Era un hombre de mediana edad, con ligero acento pueblerino. Sus ademanes eran lentos y apacibles, pero en sus ojos brillaba la astucia.
—¿Comprende de lo que se trata, señora Banks? —le dijo—. El doctor Proctor me ha contado lo de la señorita Gilchrist. Las migas del pastel de boda que se llevó para analizar contenían arsénico.
—¿De modo que alguien quiso envenenarla intencionadamente?
—Eso parece. La propia señorita Gilchrist no nos ha ayudado mucho. No cesa de repetir que es imposible… que nadie haría una cosa semejante. Pero alguien lo hizo. ¿Usted no podría darnos alguna luz sobre este asunto?
—No. Estoy completamente asombrada —dijo Susana—. ¿No se ha podido averiguar algo por el matasellos o la caligrafía?
—Olvida usted que el papel que envolvía la caja debió ser quemado. Y dudamos de que hubiera llegado por correo. El joven Andrés, el conductor de la camioneta de Correos, no recuerda haberlo llevado. Tiene un largo trayecto, y no puede asegurarlo…
—¿Cómo pudo ser?
—Lo más seguro, señora Banks, es que utilizaran un pedazo de papel viejo, color rojizo, que ya estuviera el nombre y la dirección de la señorita Gilchrist, y pusieran un sello usado. Luego lo depositarían en el buzón de las cartas, o detrás de la puerta para dar la impresión de que había llegado por correo. Ha sido muy buena idea la de escoger el pastel de boda.

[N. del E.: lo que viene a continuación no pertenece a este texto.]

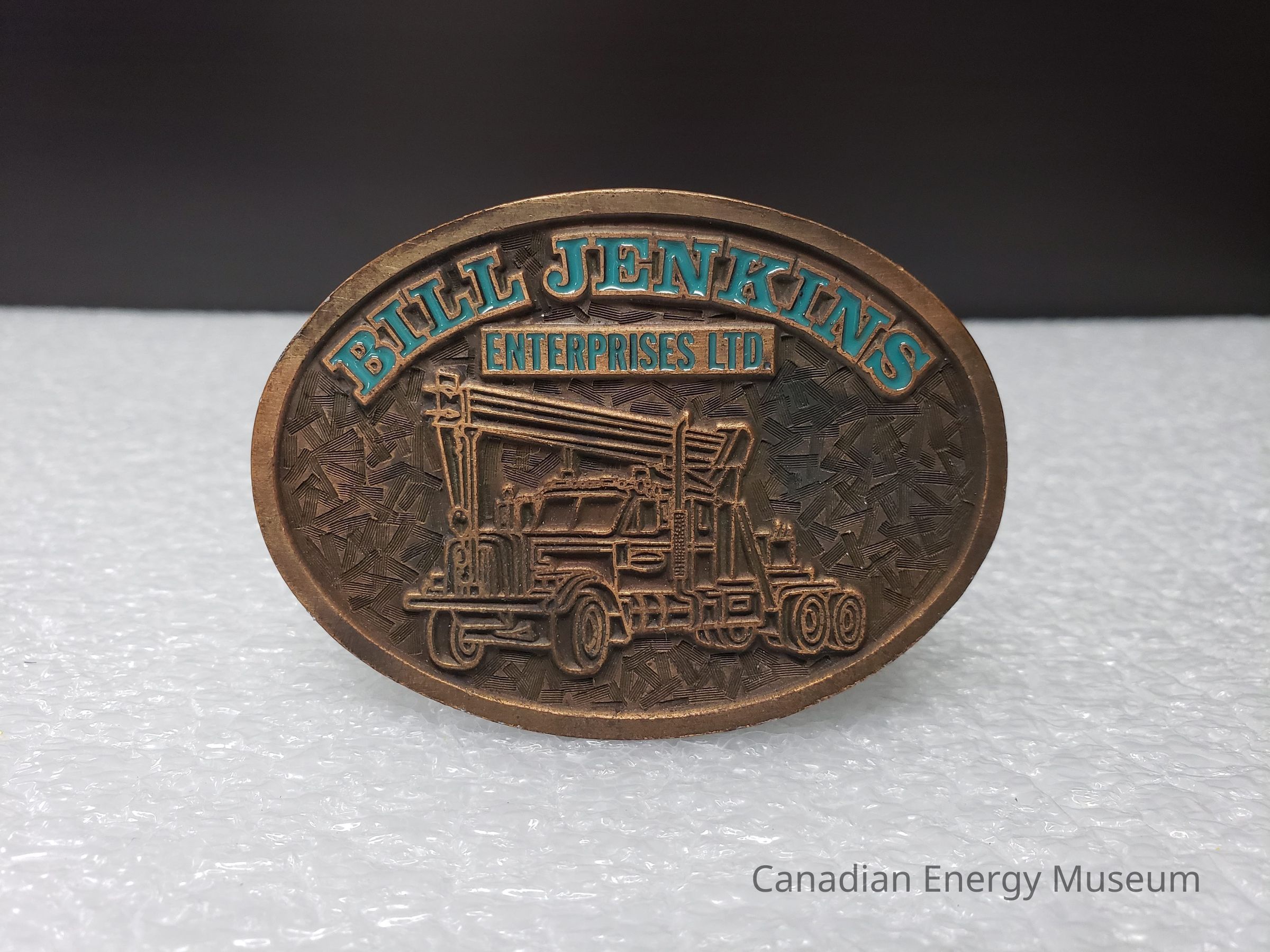 Old Description (Kelsey Dalrymple, 3 June 2020): Bill Jenkins Enterprises Ltd. Oval brass belt buckle with blue enamel text, truck in center.Collection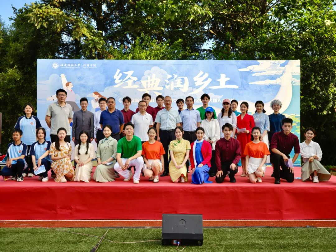 一直以来,我院通过“一条主线,两大社团,三阶实践”的方式,开设数场朗诵专题讲座,提升教师审美素养,全方位助力厦门六中学生思政宣讲团、福州小茉莉朗诵艺术团,在厦门、福州两地起引领作用。并以“高雅艺术进校园”“美育浸润行动”“经典润乡土”三大活动为龙头,组织近20场朗诵艺术进校园演出活动,影响广泛。今年6月,福州市教育局福州小茉莉朗诵艺术团主办,我院联合多方协力举办了“声传华夏魂,诵启少年志”的主题朗诵节目汇报演出,实现了思政教育与诵读艺术的深度融合。8月底,我院组织福州市中小学朗诵师资专项培训,为构建地方美育教育人才体系提供关键支持。

Las solteronas son sentimentales y les gusta que las recuerden. Una caja de bombones o algo parecido pudiera haber despertado sospechas.
—La señorita Gilchrist estuvo un buen rato tratando de adivinar quién se lo enviaba, pero no con recelo… como usted dice, estaba satisfecha y sí… halagada.
Agregó:
—¿Había suficiente veneno para… matarla?
—Es difícil de precisar hasta que reconozcamos el análisis definitivo. Eso depende bastante de si se lo comió todo. Parece ser que no. ¿Lo recuerda usted?
—No… no, no estoy segura. Me ofreció, pero yo no acepté. Comió algo y me dijo qué era muy bueno, pero no recuerdo si llegaría a terminarlo.
—Si no le importa, señora Banks, quisiera inspeccionar arriba.
—Suba usted.
Le siguió hasta la habitación de la señorita Gilchrist, diciendo a modo de disculpa:
—Me temo que esté todo revuelto, pero no tuve tiempo de hacer nada, con el funeral de mi tía, y luego cuando vino el doctor Proctor pensé que tal vez fuera mejor dejarlo como estaba.
—Ha hecho usted muy bien, señora Banks. No todo el mundo hubiera sido tan inteligente.
Se aproximó a la cama y metió una mano bajo la almohada. Una expresiva y triunfal sonrisa apareció en su rostro.
—Aquí está —dijo.
Un pedazo de pastel de boda apareció debajo de la almohada.
—¡Qué extraordinario! —exclamó Susana.
—¡Oh, no! No lo es. Tal vez las jóvenes de su generación no lo hagan ya. Ahora no necesitan hacer tantas cosas para casarse, pero es una antigua costumbre. Se pone un pedazo de pastel de boda debajo de la almohada y se sueña con el futuro esposo…
—Pero seguramente la señorita Gilchrist…
—No habrá querido decírnoslo, porque le dará vergüenza que se sepa que a su edad hace estas cosas; pero yo tenía el presentimiento de que lo había hecho —su rostro se ensombreció—. Y si no hubiera sido por su tontería sentimental, la señorita Gilchrist ahora no estaría con vida.
—¿Pero quién pudo haber querido matarla?
Sus ojos se encontraron con los de la joven con una mirada que la llenó de inquietud.
—¿Usted no lo sabe? —le preguntó.
—No… claro que no.
—Entonces tendremos que averiguarlo —repuso el inspector Morton.